Work task
Leave out all pictures. Return exactly the lines from the top of the material through the line containing "Hopeanvärinen pullea sydän".

Records provided
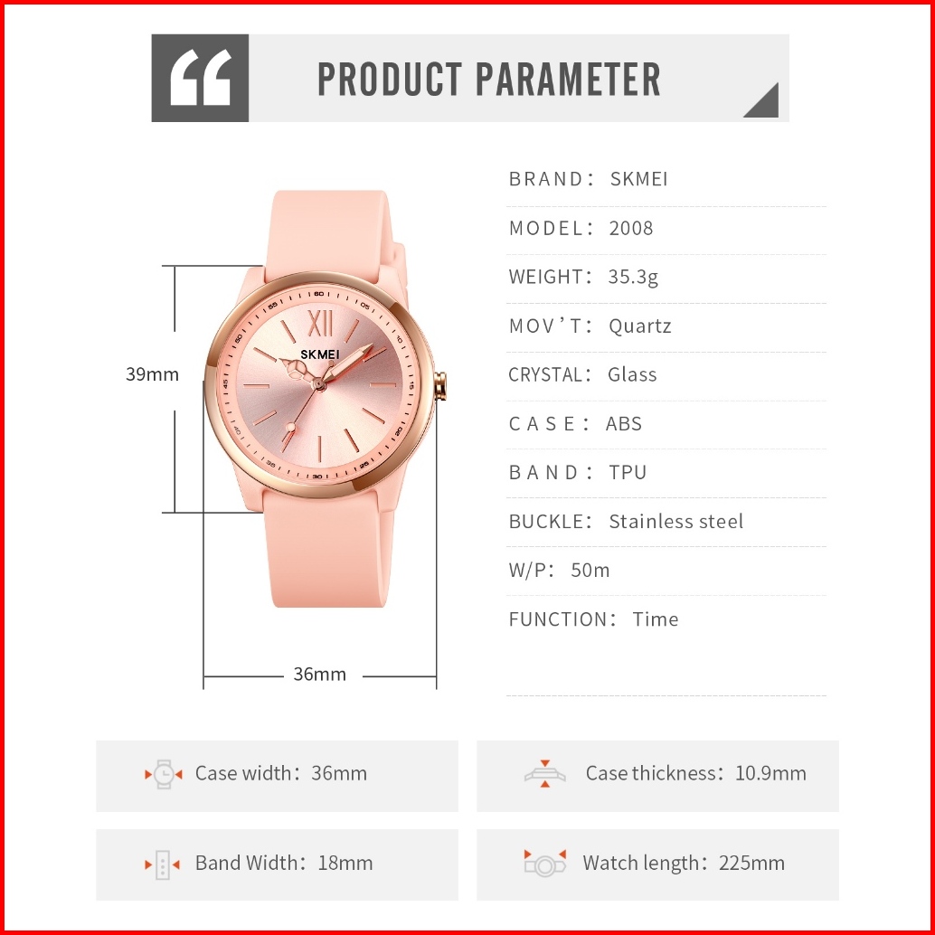 Jam Tangan Wanita Analog Skmei 2008 Pink Water Resistant 30m
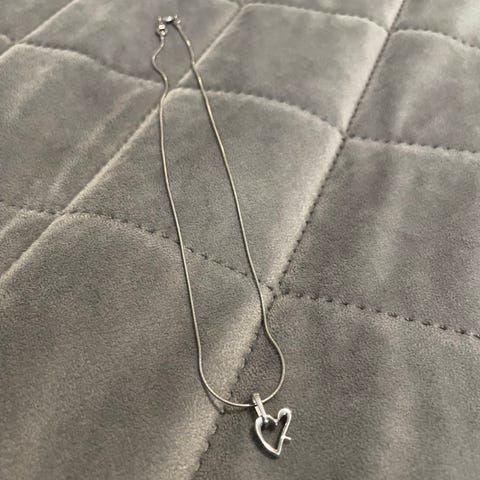Hopeanvärinen pullea sydän kaulakoru, riipuksen mitat 2,5 cm x 2,3 cm. Sydänriipuksen sisälle on upotettu valossa kimaltavia strasseja ja riipuksen toisella puolella on peilipinta reikäkuvioinnin alla. Uudenveroinen.
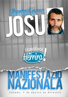 Aprovechamos la información sobre Txus Martín, para recordar la también tremenda situación que atraviesa el preso arrasatearra Iosu Uribetxeberria, al cual se le ha condenado a muerte según Herrira, dada la extrema gravedad de su enfermedad. Pese a ello, se le mantiene en prisión, en una muestra de crueldad que deberia avergonzar al estado español. Junto a las fotos de la concentración de Gorbea vamos a poner el cartel de la manifestación nacional que se va a celebrar el sábado en Arrasate, para exijir su libertad. El sábado en Arrasate, la cita es por Iosu y por Txus y por el resto de pres@s enferm@s que ya deberian estar en casa, en Euskal Herria. Esa es la cita ineludible.
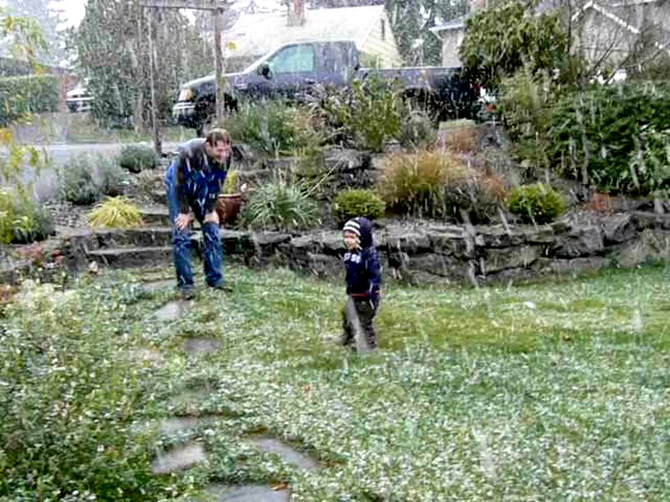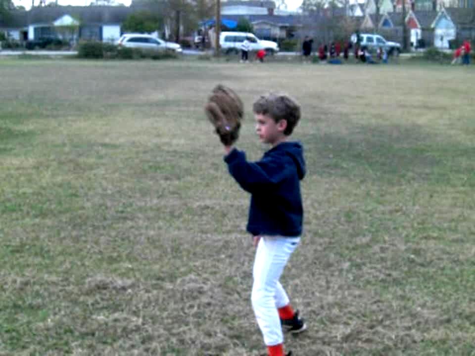 A young girl hits a wiffleball that hits her father in the head while he sits in a lawn chair in the yard. It ricochets off his head and flies offscreen.
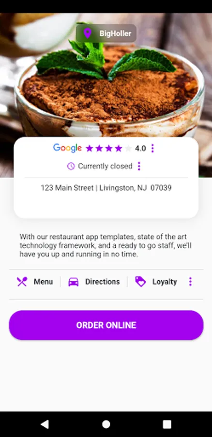BigHoller restaurant app has many different functions. It contains and online ordering link, restaurant images, address and driving directions, store hours, menus, and many other great features.
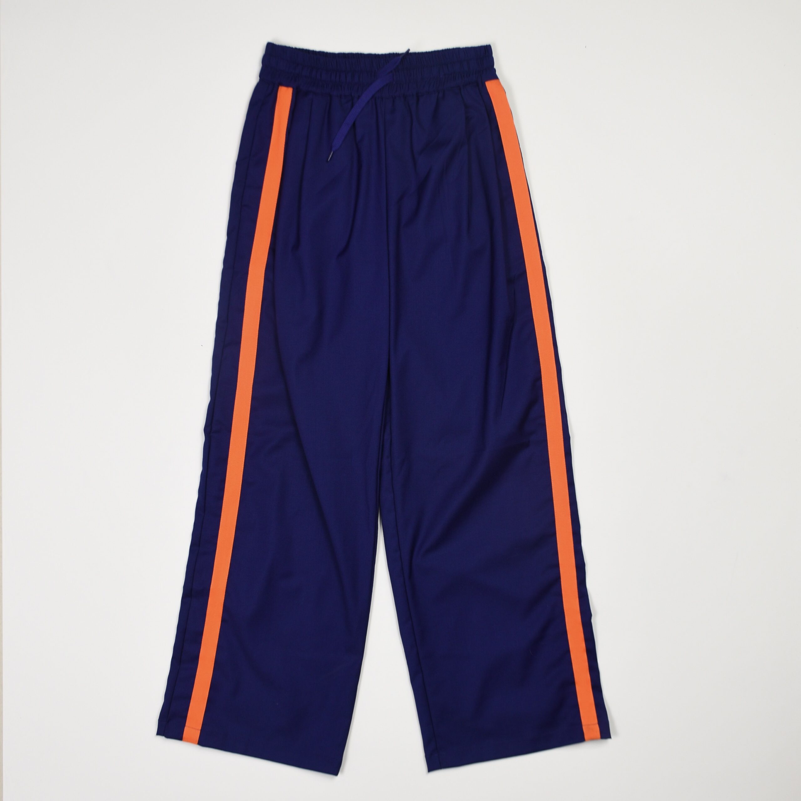 Pantaloni sportivi in tessuto tecnico di colore blu. Modello a gamba dritta con vita elasticizzata e coulisse regolabile. Caratterizzati da bande laterali a contrasto in arancione fluorescente.
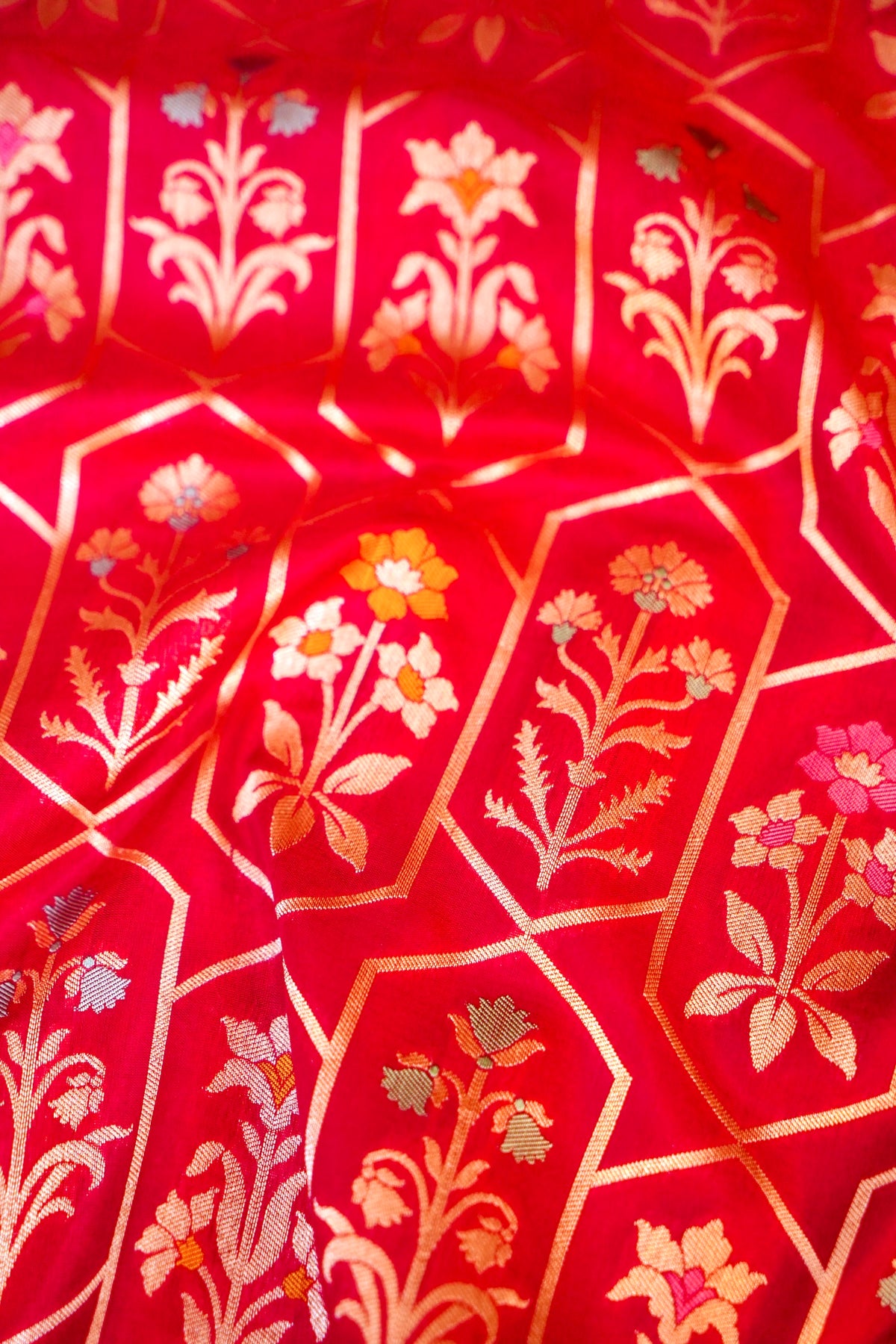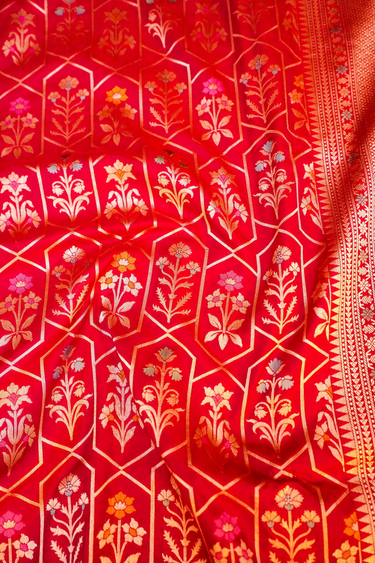 Radiate timeless charm with this Pink Pure Handloom Katan Silk Meenakari Saree, a stunning creation from the looms of Banaras. Crafted with fine silk threads and adorned with intricate Meenakari zari weaving, this saree beautifully blends traditional craftsmanship with graceful elegance. Its lustrous pink hue and detailed motifs make it an ideal drape for weddings, festivities, and special occasions
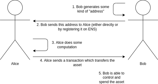 Suppose that Alice wants to send Bob an asset. This could be some quantity of cryptocurrency (eg. 1 ETH, 500 RAI), or it could be an NFT. When Bob receives the asset, he does not want the entire world to know that it was he who got it. Hiding the fact that a transfer happened is impossible, especially if it's an NFT of which there is only one copy on-chain, but hiding who is the recipient may be much more viable. Alice and Bob are also lazy: they want a system where the payment workflow is exactly the same as it is today. Bob sends Alice (or registers on ENS) some kind of "address" encoding how someone can pay him, and that information alone is enough for Alice (or anyone else) to send him the asset.
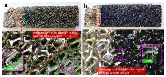 Typically, obtaining the nickel ammonia solution was achieved via two steps—the formation of Ni(OH)2 and its dissolution by NH4OH. In the first stage, 3.14 g of Ni(NO3)2·6H2O was dissolved in 20 mL of water and 2.46 g of KOH was dissolved in 40 mL of water. After that, the Ni(NO3)2 solution was added to the KOH at a continuous stirring rate of 770 rpm. The stirring was performed for 10 min. The obtained precipitate was filtered and rinsed once with water from the KNO3 solution on a paper filter. The last stage was the dissolution of the nickel hydroxide using 40 mL of NH4OH. As a result, a blue transparent solution of nickel ammonia complex was prepared. To form the Ni(OH)2-pure samples, four pieces of NF remained in a 15 mL nickel ammonia complex for 24 h. After the precipitation, the electrodes were rinsed in water and dried in the air for 24 h. The initial and final NF mass was controlled for all the samples on the analytical balance with an accuracy of ±0.00001 g.
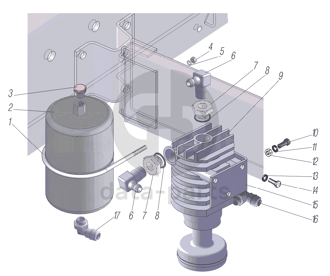 Установка баллона адсорбера и маслоотделителя УРАЛ-6370-1121
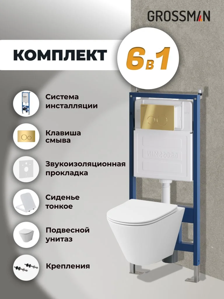 Комплект инсталляции GROSSMAN 900.K31.01.000 с клавишей смыва 700.K31.05.30M.30M золото и унитазом GROSSMAN GR-4477S арт.97.4477S.05.30M
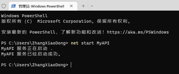 安裝成功之后控制臺會輸出[SC] CreateService 成功 ,其中MyAPI 時我們創建服務時指定的服務名稱,binpath 即是我們的程序路徑,注意 true 是 用英文狀態的雙引號包裹,然后整個 binpath 采用因為狀態的 單引號包裹,start= auto 則表示將我們的 MyAPI 服務設置為自動啟動。
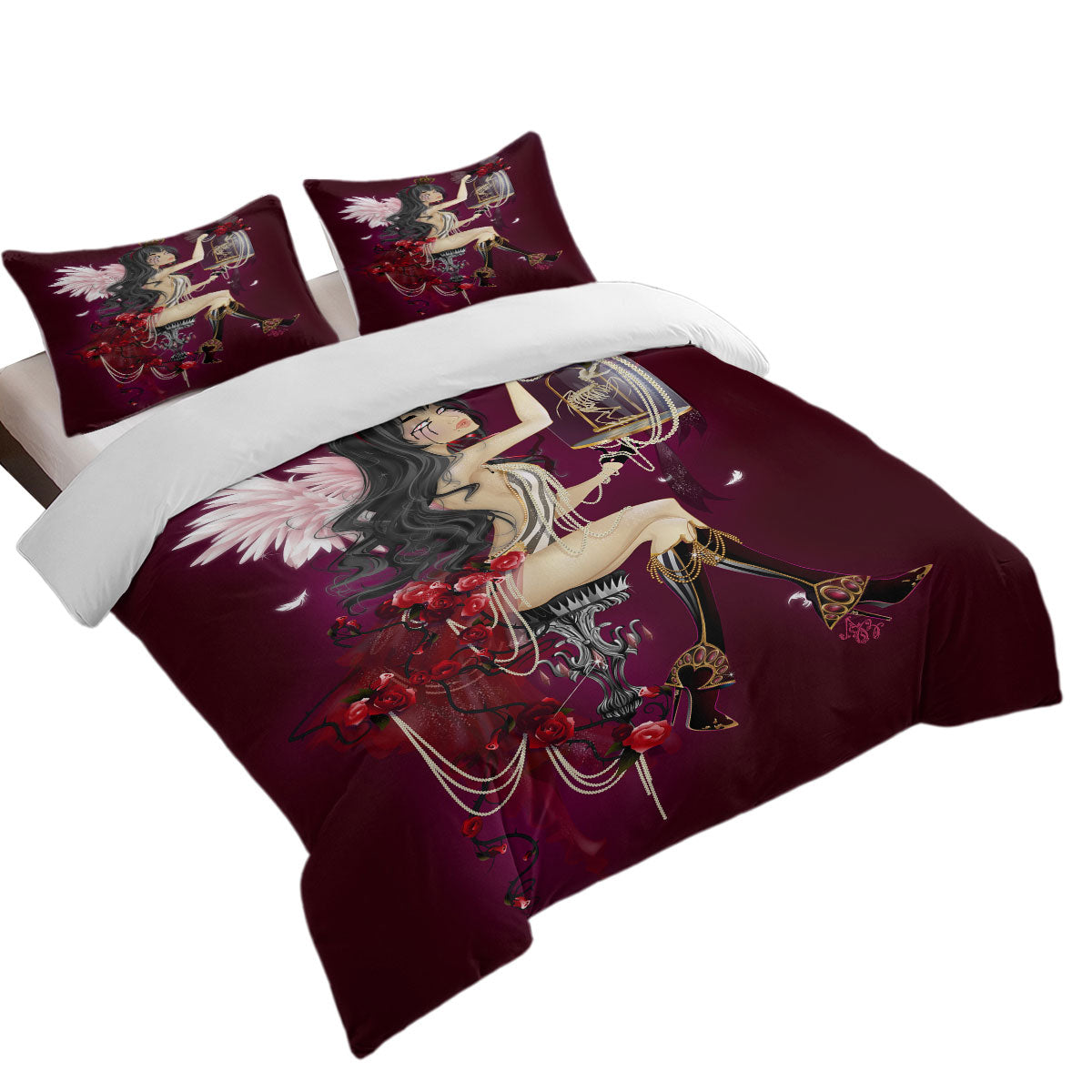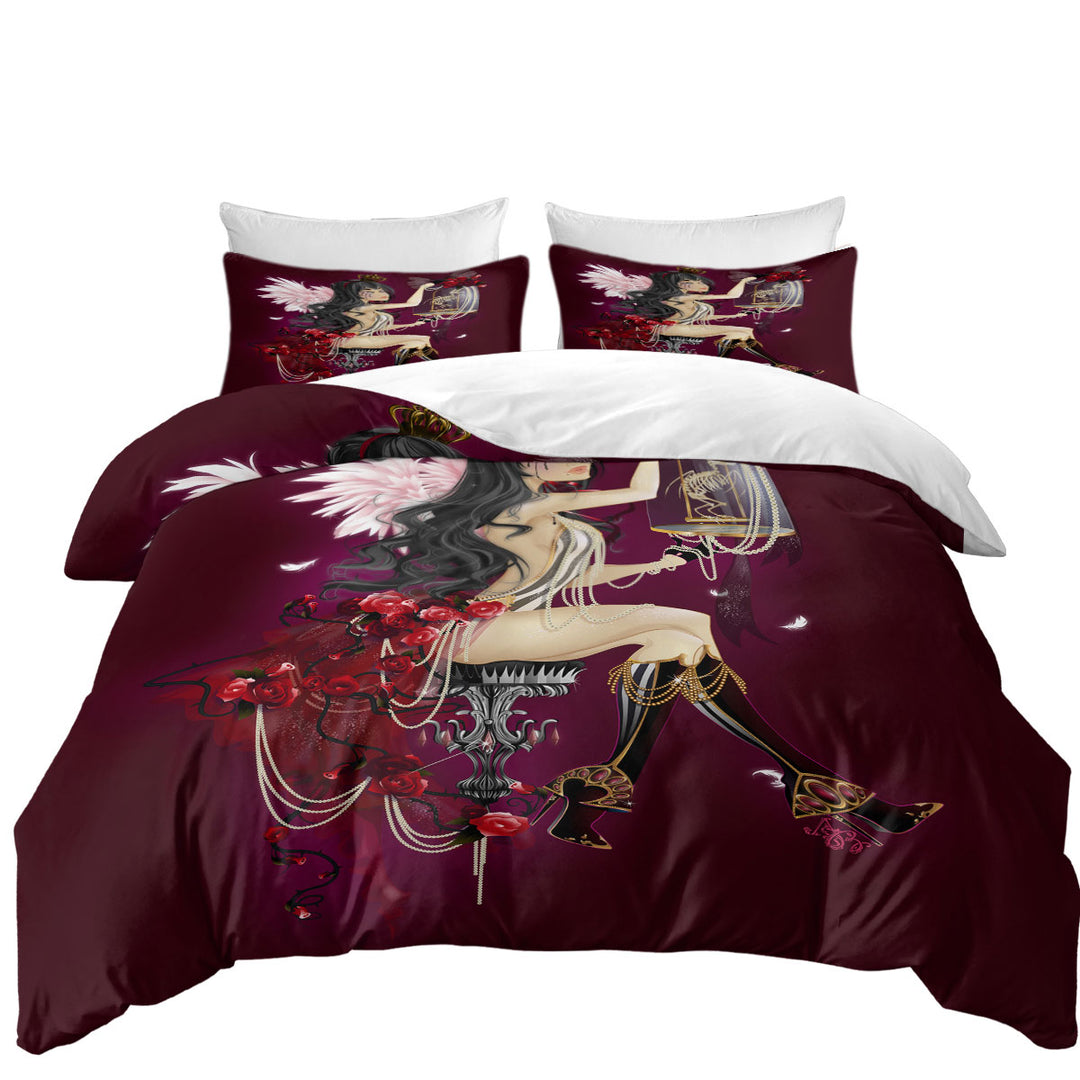 Sexy Goth Queen Roses and Pearls Duvet Cover

Output for this exercise
 Jam Tangan Wanita Analog Skmei 2008 Pink Water Resistant 30m
Hopeanvärinen pullea sydän kaulakoru, riipuksen mitat 2,5 cm x 2,3 cm. Sydänriipuksen sisälle on upotettu valossa kimaltavia strasseja ja riipuksen toisella puolella on peilipinta reikäkuvioinnin alla. Uudenveroinen.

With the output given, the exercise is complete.